Performance: Place the dumbbell on the bench, then turn around and lie across the bench with your feet on the floor. Grab a dumbbell with both hands and hold it directly above your chest, pressing your palms against the inside of the top plate. (2) Keeping your arms straight, gently lower the barbell down in a wide arc behind your head, feeling the stretch in your chest. When you have lowered your arms as far as you can, return to the starting position. Try not to help yourself with your thigh muscles. Keep your hips as low as possible during the movement to ensure maximum chest expansion.

Thrust to the floor on the upper block

Purpose of the exercise: Development of the serratus anterior muscles.

Performance: Get down on your knees and grab the handles or rope loop attached to the cable from the top pulley. (2) Keeping your arms above your head, bend your torso forward and downward, creating a pulling force with your latissimus muscles backs. Continue this movement until your elbows touch the floor.
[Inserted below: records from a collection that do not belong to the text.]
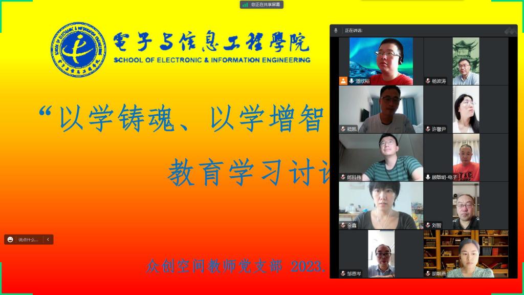 7月21日上午,电子学院众创空间教工党支部全体党员开展了“以学铸魂、以学增智、以学正风”的主题教育学习及交流研讨,会议由支部书记潘欣裕主持,学院党委副书记杨波涛出席并作重要发言。
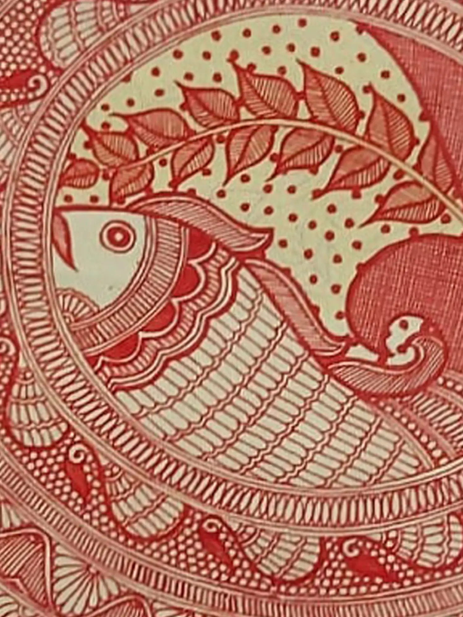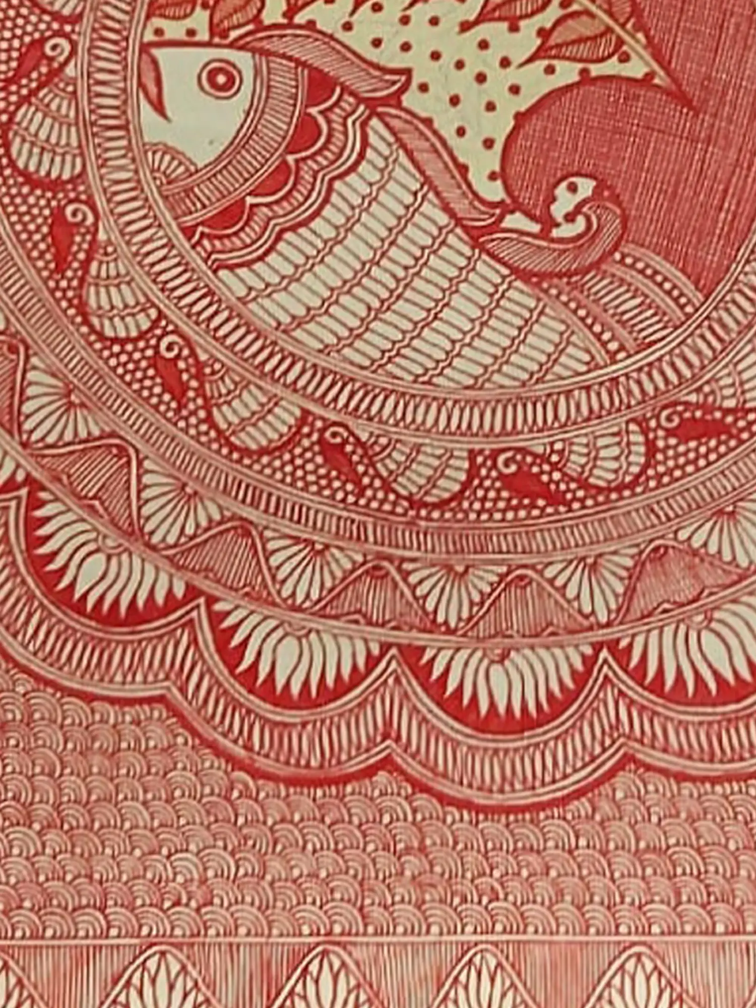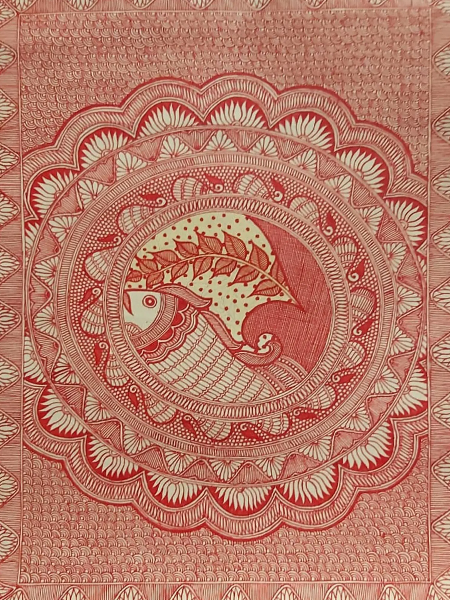 Dominated by a striking motif, the composition draws you into its intricate details and harmonious balance. The rich, natural pigments, primarily in a vibrant red and cream palette, create a visual depth that is both bold and elegant. Measuring 30 inches in height and 22 inches in width, its generous dimensions ensure it commands attention, becoming a focal point in any setting.
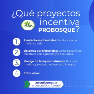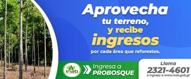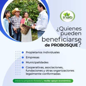 El Instituto Nacional de Bosques (INAB) promueve la participación de propietarios, comunidades y empresas en el Programa de Incentivos Forestales para Poseedores de Tierras de Vocación Forestal y Agroforestal (PROBOSQUE), una iniciativa que busca fomentar la reforestación, el manejo responsable de los bosques y el desarrollo económico sostenible en Guatemala.
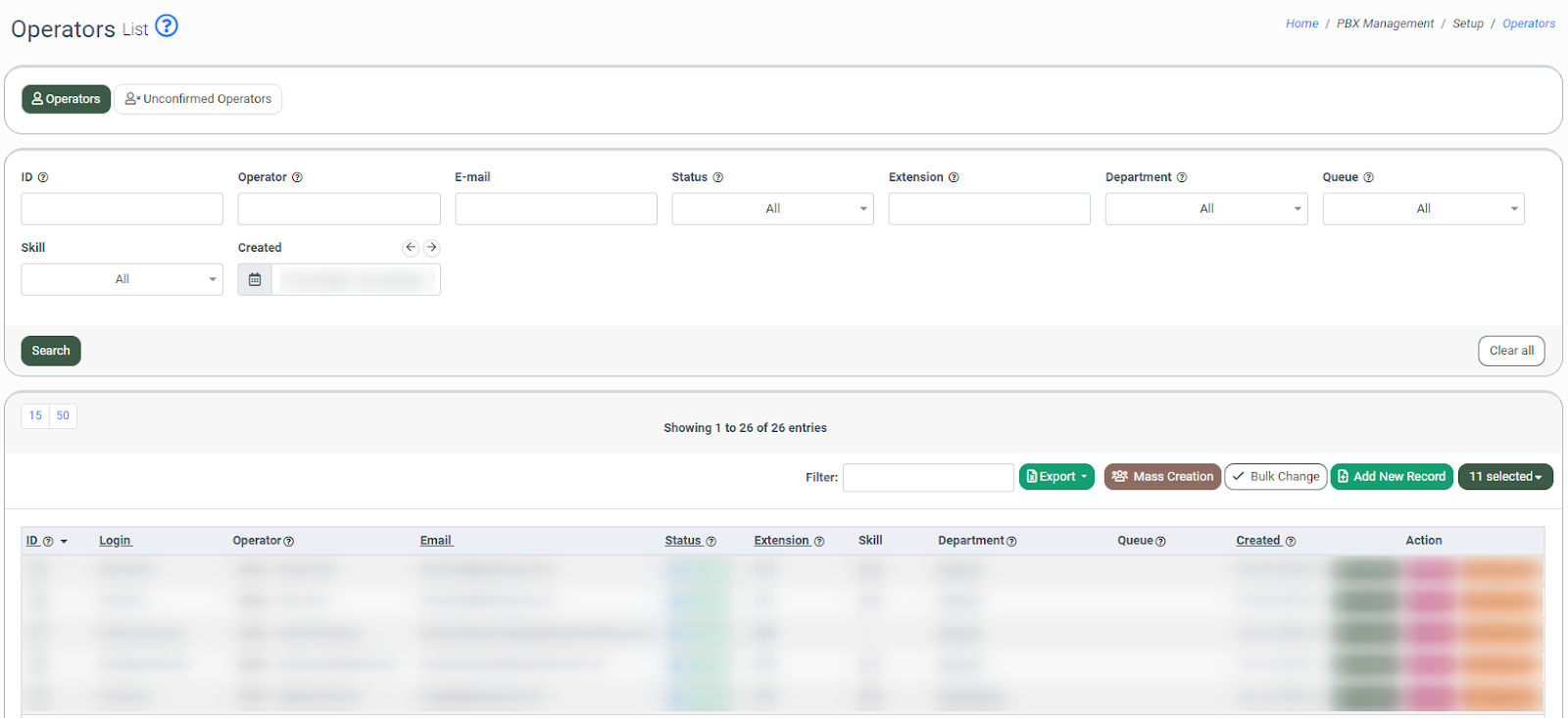 To view the Operators list, go to the PBX Management > Setup > Operators section.
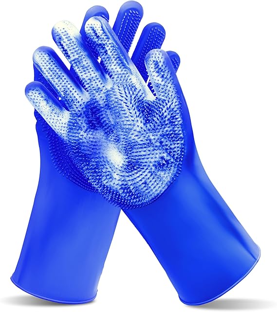Pet Grooming Gloves—Heat Resistant Dog Washing Gloves with High-Density Teeth, Dog Bath Scrubber with Enhanced Five Finger Design, Silicone Gloves for Dogs and Cats Bathing, Massage (Blue)
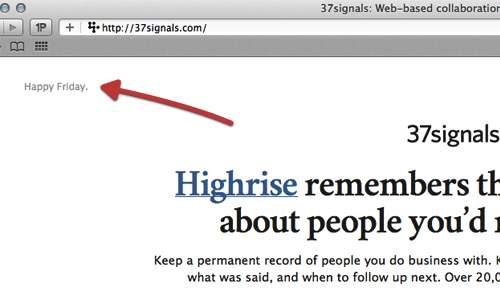 而37signals則通過左上角的當日問候語來簡單而有效的拉近了網站與用戶之間的情感距離。
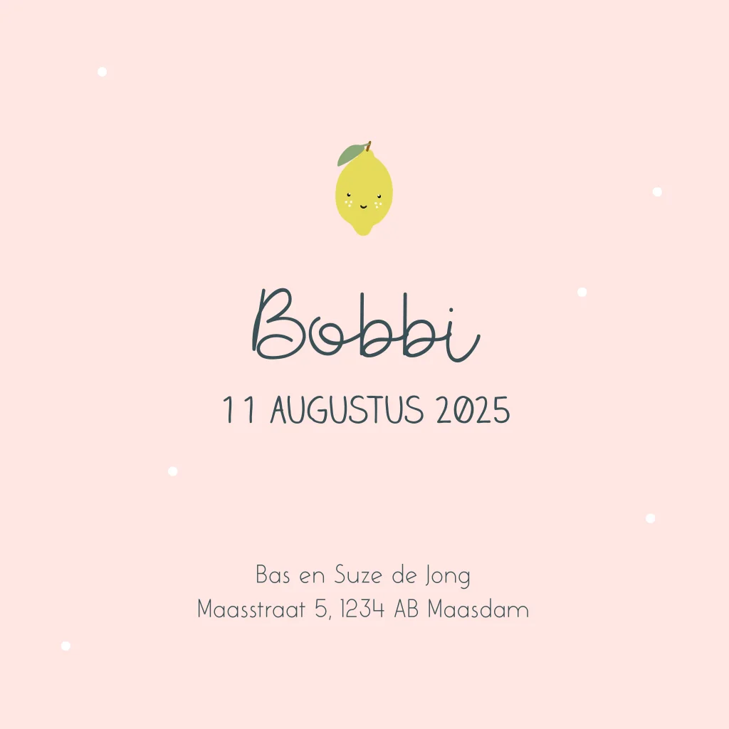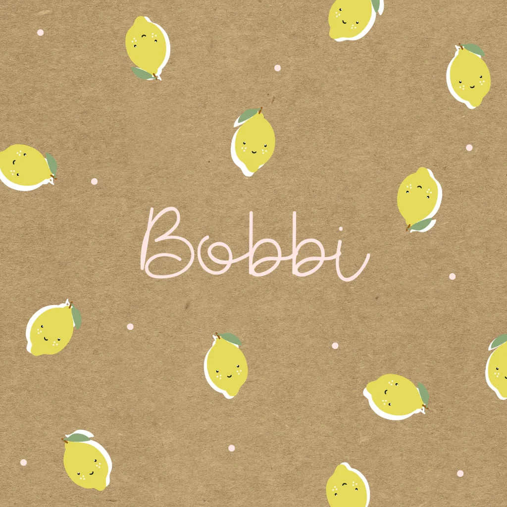 Vrolijk geboortekaartje meisje met citroentjes en kraft look
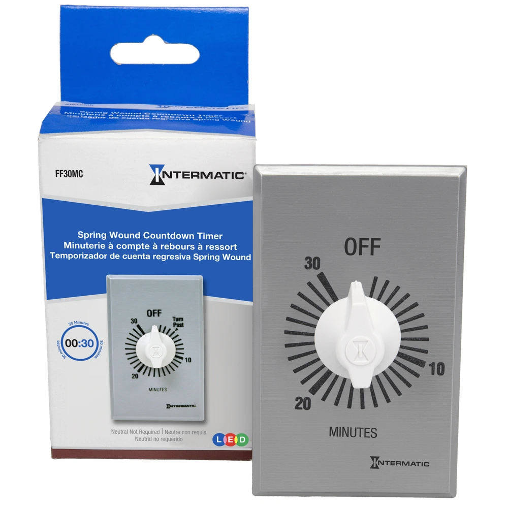 Temporizador de cuenta regresiva con resorte, comercial, 125-277 V CA, 50/60 Hz, SPST, 30 minutos máximo, sin espera, plata

Then return to the starting position, straighten your arms above your head and feel the latissimus dorsi muscles stretch. Pulldowns on a pulley device should be performed carefully, without trying to work with maximum weight. At the end of the series you should experience a strong burning sensation in the serratus muscle area; The abdominal muscles are also subject to additional stress.


One-arm lat pulldown

Purpose of the exercise: Development of the serratus anterior muscles.

Performance:(1) Kneel down and grab the cable handle attached to the overhead pulley with an overhand grip. (2) Using a pulling force from the latissimus dorsi muscles, move the elbow toward the knee. Intentionally tense the serratus chest muscle, achieving its full contraction. Then slowly return to the starting position. The success of this exercise depends on strict technique. Perform the movement slowly and under full control, focusing on contracting the latissimus dorsi and serratus muscles. After completing the series for one arm, repeat the exercise with the other arm.